● **TASK PROMPT**
The full listing, returned exactly and free of pictures, is the expected answer.

● **GIVEN DATA**
━━━━━━

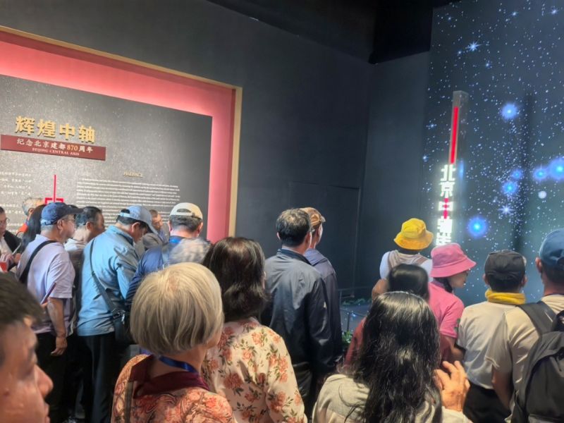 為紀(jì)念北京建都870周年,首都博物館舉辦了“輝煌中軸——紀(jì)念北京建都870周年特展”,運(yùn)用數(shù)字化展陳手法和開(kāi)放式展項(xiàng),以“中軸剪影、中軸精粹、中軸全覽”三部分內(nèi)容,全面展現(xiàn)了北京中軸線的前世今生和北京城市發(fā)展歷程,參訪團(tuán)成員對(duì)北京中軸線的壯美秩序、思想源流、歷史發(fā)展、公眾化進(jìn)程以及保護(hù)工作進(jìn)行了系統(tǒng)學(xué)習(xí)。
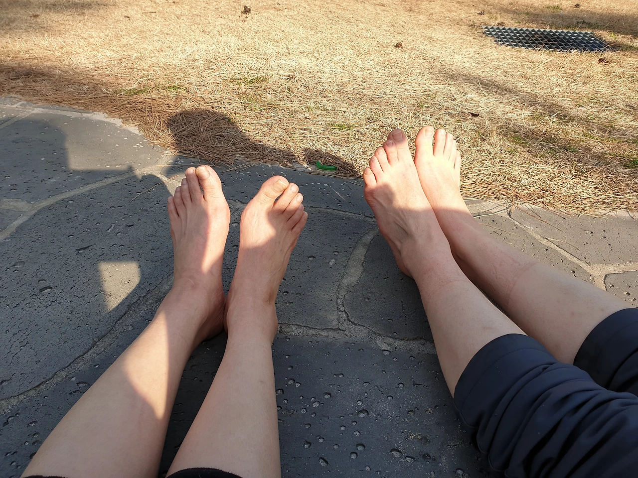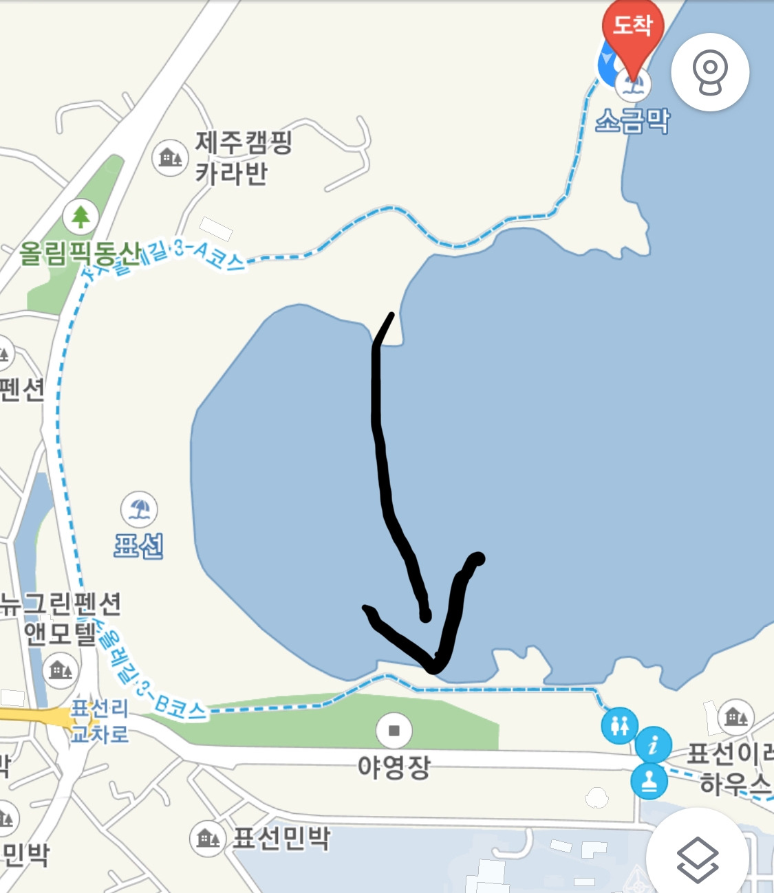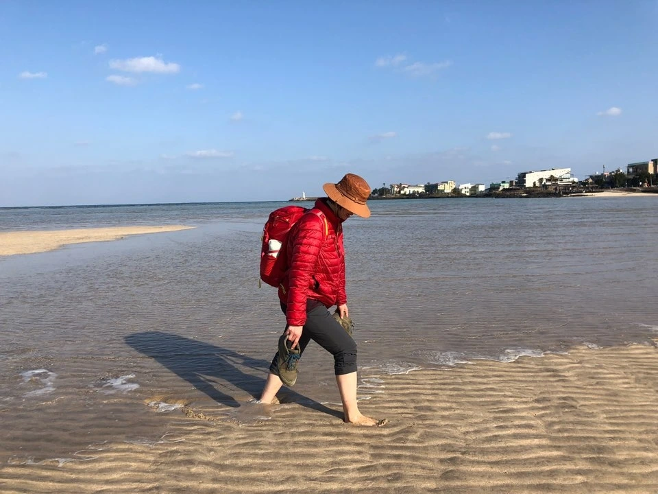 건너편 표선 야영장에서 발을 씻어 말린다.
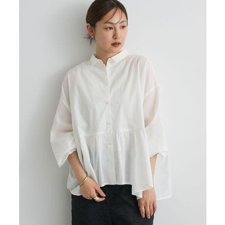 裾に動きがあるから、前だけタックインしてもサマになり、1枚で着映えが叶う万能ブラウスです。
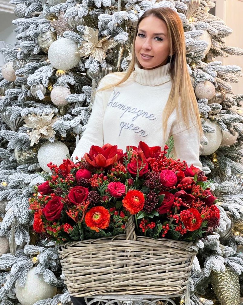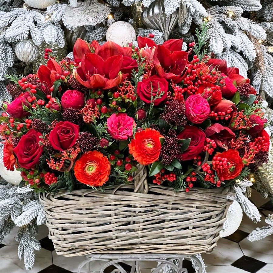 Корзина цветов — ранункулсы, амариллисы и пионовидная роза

━━━━━━

● **RESPONSE AREA**
 為紀(jì)念北京建都870周年,首都博物館舉辦了“輝煌中軸——紀(jì)念北京建都870周年特展”,運(yùn)用數(shù)字化展陳手法和開(kāi)放式展項(xiàng),以“中軸剪影、中軸精粹、中軸全覽”三部分內(nèi)容,全面展現(xiàn)了北京中軸線的前世今生和北京城市發(fā)展歷程,參訪團(tuán)成員對(duì)北京中軸線的壯美秩序、思想源流、歷史發(fā)展、公眾化進(jìn)程以及保護(hù)工作進(jìn)行了系統(tǒng)學(xué)習(xí)。
 건너편 표선 야영장에서 발을 씻어 말린다.
 裾に動きがあるから、前だけタックインしてもサマになり、1枚で着映えが叶う万能ブラウスです。
 Корзина цветов — ранункулсы, амариллисы и пионовидная роза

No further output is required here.